Provide or confirm the following inputs to configure node networking:

  • Hostname
  • Domain Name
  • IP Address
  • Netmask (in /XX format)
  • Default Gateway
  • Primary and Secondary DNS
  • [Optional] GitHub API token for lastversion: a tiny command line utility to retrieve the latest stable version of a GitHub project. The token is recommended to increase GitHub API rate limits, especially when you test the deployment multiple times in a short time range. Not required when you just deploy the K8S cluster once or twice.

Choose Nodes Roles

The script now prompts you to choose which role you want to configure on each node. The three options provided will guide you through distinct setup processes, requiring different parameters.

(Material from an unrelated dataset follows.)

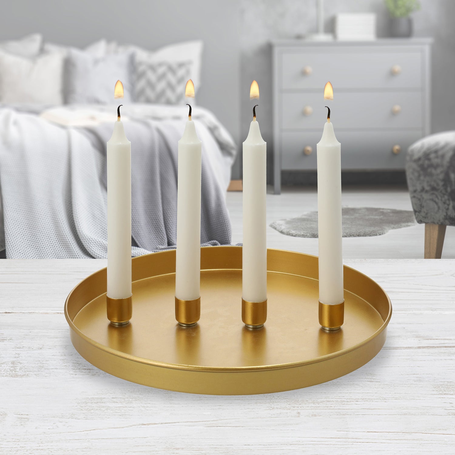 Der Kerzenteller hat einen Durchmesser von 25 cm und eine Höhe von 3 cm. Die Halter sind für Stabkerzen bis 2,3 cm Durchmesser geeignet. Dank der Magnetfunktion stehen die Kerzen stabil und können flexibel neu angeordnet werden.

Configure your nodes in the following order:

  1. NFS Server
  2. Control Plane Node
  3. Worker Nodes

NFS Server

After providing details about:

  • Control Plane Node IP Address.
  • Control Plane Node Password.

The script will:

  • Wait for the Control Plane Node to be reachable via the network.
  • Install nfs-utils.
  • Configure the NFS shared storage path (based on the customizable script variables) in /etc/exports.
  • Enable the nfs-server daemon.
  • Complete execution. If any error or warning was encountered, it will be reported in the completion screen. (In the example, the warning refers to a reminder for iptables being disabled).

Control Plane Node

First Stage

After selecting Control Plane Node, the script will:

  • Install some prerequisite packages and utilities.
  • Report the latest packages releases and give you the option to customize which versions to install.
  • Prompt for an IP Range for MetalLB-backed K8S LoadBalancer Service.
  • Configure, yet disable, iptables.
  • Install and configure containerd, runc and CNI network plugins.
  • Install and configure kubelet, kubeadm and kubectl.
  • Install openvswitch.
  • Run kubeadm init (pulling K8S images requires at least 3 minutes) to initialize the K8S Cluster.
  • Install antrea.
  • Start waiting for the Worker Nodes to become Ready before installing helm.

Worker Nodes

After selecting Worker Node, the script will:

  • Install some prerequisite packages and utilities.
  • Prompt for Control Plane Node IP Address and Password.
  • Fetch the software versions config from the Control Plane Node.
  • Configure, yet disable, iptables.
  • Install and configure containerd, runc and CNI network plugins.
  • Install and configure kubelet, kubeadm and kubectl.
  • Install openvswitch.
  • Wait for the K8S API Server to start listening on the Control Plane, then it will retrieve token and discovery token.
  • Run kubeadm join to join the K8S Cluster. After getting the antrea agents installed by the Control Plane, the Worker Nodes become Ready in the Cluster.
  • Install nfs-utils for the NFS client.
  • Complete execution. If any error or warning was encountered, it will be reported in the completion screen. (In the example, the warning refers to a reminder for iptables being disabled).

Control Plane Node

Second Stage

Once all Worker Nodes have been tested Ready, the script will:

  • Install helm.
  • Install nfs-utils for the NFS client.
  • Retrieve the current number of Worker Nodes to calculate the required number of replicas for the NFS Subdirectory External Provisioner K8S Pod.
  • Use helm to deploy and configure the NFS Subdirectory External Provisioner that will be used for the K8S Persistent Volumes.
  • Use helm to deploy and configure MetalLB that will be used for the K8S LoadBalancer Service.
  • Use helm to deploy and configure Kubeapps sample application.
  • Complete execution. If any error or warning was encountered, it will be reported in the completion screen. (In the example, the warning refers to a reminder for iptables being disabled).
  • The Setup Complete page will report the kubeapps IP Address and the location of the token required for logging into the HTML portal UI.

Deployment Completed

You can now login to the Control Plane Node and use kubectl to work with your Kubernetes Cluster.

In example, using kubectl get pods -A -o wide, you can retrieve all the pods running in your cluster.